→ **Aim of the exercise**:
Write all of the entries out again exactly, but not the images.

[Excerpts from a dataset]
┄┄┄┄┄┄

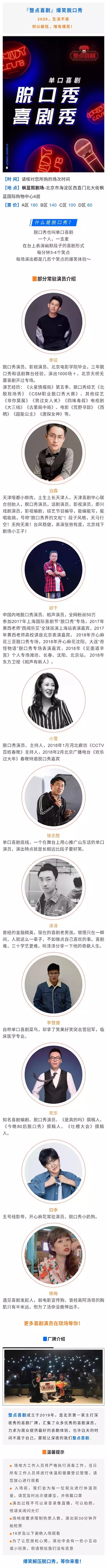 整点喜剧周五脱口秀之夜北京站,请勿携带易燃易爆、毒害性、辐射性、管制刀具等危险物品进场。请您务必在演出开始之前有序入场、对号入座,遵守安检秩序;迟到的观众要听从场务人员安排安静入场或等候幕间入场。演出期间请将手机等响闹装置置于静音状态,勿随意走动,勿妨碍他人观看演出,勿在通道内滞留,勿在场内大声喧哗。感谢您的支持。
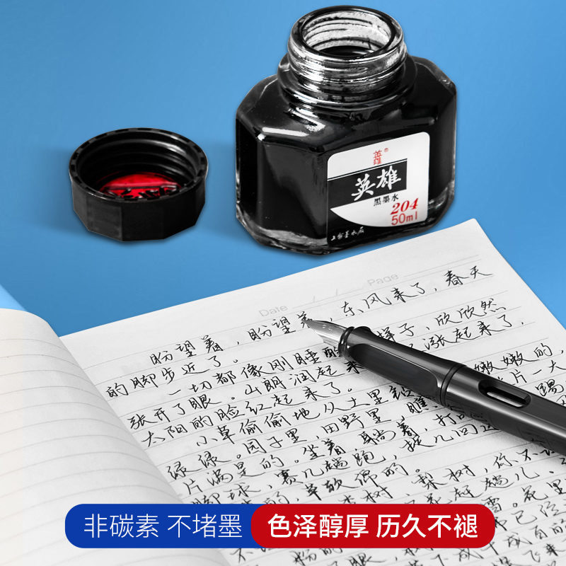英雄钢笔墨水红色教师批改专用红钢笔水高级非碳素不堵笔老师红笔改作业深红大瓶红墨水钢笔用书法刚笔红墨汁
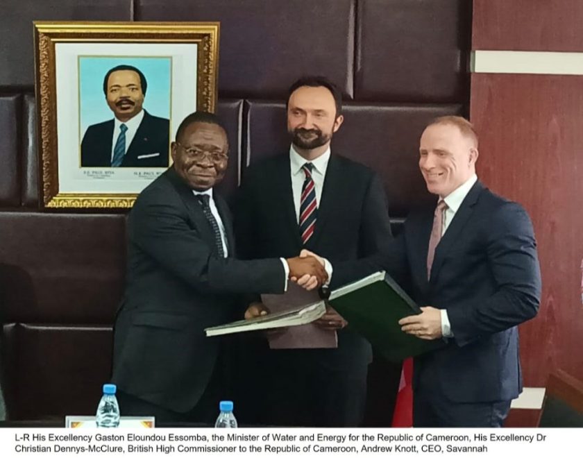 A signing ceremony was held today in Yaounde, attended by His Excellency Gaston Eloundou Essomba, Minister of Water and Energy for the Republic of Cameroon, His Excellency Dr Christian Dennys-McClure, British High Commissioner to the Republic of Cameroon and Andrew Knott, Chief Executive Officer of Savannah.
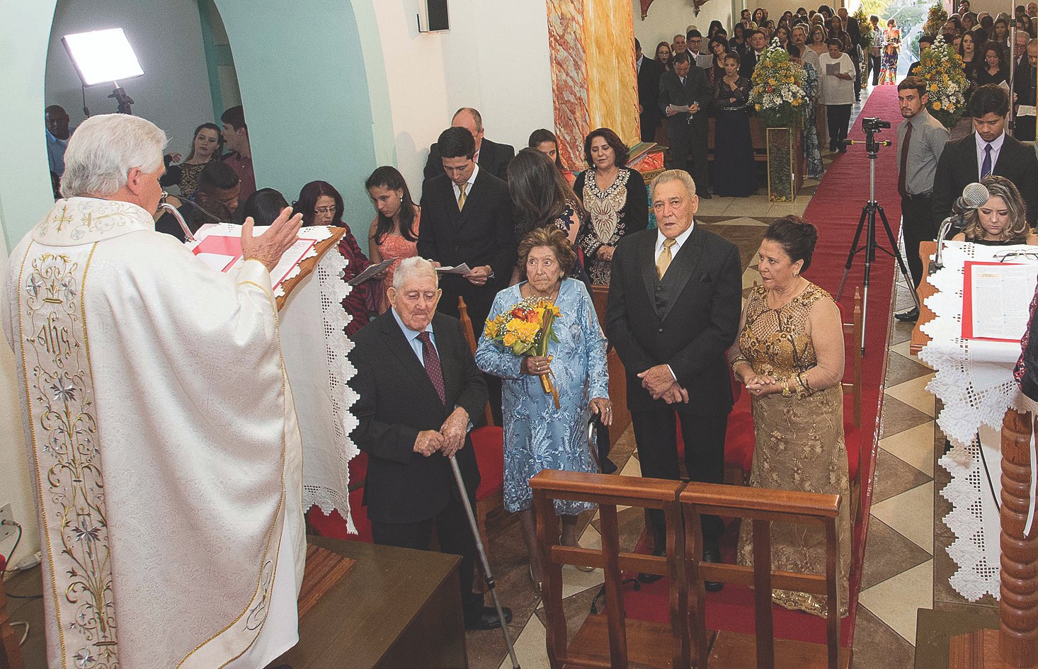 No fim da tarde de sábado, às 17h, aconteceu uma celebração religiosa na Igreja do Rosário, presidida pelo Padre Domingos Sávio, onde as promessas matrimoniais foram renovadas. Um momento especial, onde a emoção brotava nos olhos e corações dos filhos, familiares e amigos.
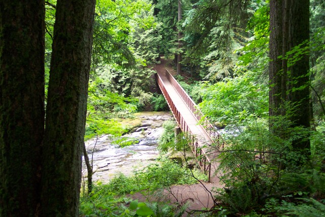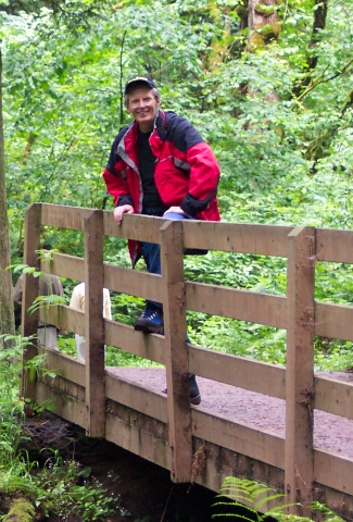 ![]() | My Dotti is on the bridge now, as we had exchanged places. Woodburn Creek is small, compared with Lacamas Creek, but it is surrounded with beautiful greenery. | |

┄┄┄┄┄┄

→ **Result below**:
 整点喜剧周五脱口秀之夜北京站,请勿携带易燃易爆、毒害性、辐射性、管制刀具等危险物品进场。请您务必在演出开始之前有序入场、对号入座,遵守安检秩序;迟到的观众要听从场务人员安排安静入场或等候幕间入场。演出期间请将手机等响闹装置置于静音状态,勿随意走动,勿妨碍他人观看演出,勿在通道内滞留,勿在场内大声喧哗。感谢您的支持。
英雄钢笔墨水红色教师批改专用红钢笔水高级非碳素不堵笔老师红笔改作业深红大瓶红墨水钢笔用书法刚笔红墨汁
 A signing ceremony was held today in Yaounde, attended by His Excellency Gaston Eloundou Essomba, Minister of Water and Energy for the Republic of Cameroon, His Excellency Dr Christian Dennys-McClure, British High Commissioner to the Republic of Cameroon and Andrew Knott, Chief Executive Officer of Savannah.
 No fim da tarde de sábado, às 17h, aconteceu uma celebração religiosa na Igreja do Rosário, presidida pelo Padre Domingos Sávio, onde as promessas matrimoniais foram renovadas. Um momento especial, onde a emoção brotava nos olhos e corações dos filhos, familiares e amigos.
 ![]() | My Dotti is on the bridge now, as we had exchanged places. Woodburn Creek is small, compared with Lacamas Creek, but it is surrounded with beautiful greenery. | |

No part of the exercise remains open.